Abstract
The challenges of the Power Wall manifest in mobile and embedded processors due to their inherent thermal and formfactor constraints. The power dissipated over a fixed area, namely, the power density, directly affects acceptable core temperatures even for low-power devices. In this paper, we examine techniques to counter this power density increase with device and microarchitecture-level heterogeneity. We explore the design space in which various parameters such as frequency and microarchitectural complexity can be traded off against each other in order to achieve the optimal configuration for a fixed temperature limit.
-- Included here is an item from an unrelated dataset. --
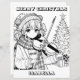 Page de coloriage à thème Noël pour les enfants. Jolie fille de dessin animé festive jouant de l'alto devant un sapin de Noël décoré.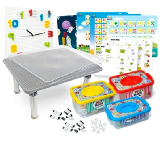 マスターセット(英語・数字&時計・ハングルセット)+マルチ遊びテーブルセット(マルチ遊びテーブル、学習シート3枚、透明カバー1枚、仕切りセット1個、補助カゴ2個)

Since conventional CMOS technology based cores may not satisfy our performance and power requirements, especially under tight thermal constraints, we propose a heterogeneous CMOS-Tunnel FET multicore for obtaining the optimal operating points under power and thermal limitations. Using a profiling based static assignment scheme, we demonstrate the improvement obtained by coupling this device-level heterogeneity to architectural modifications. We also propose an instruction slack-based scheme to map applications on the heterogeneous multicore. Our schemes show an improvement of up to 47% performance and 30% energy above the best homogeneous configuration.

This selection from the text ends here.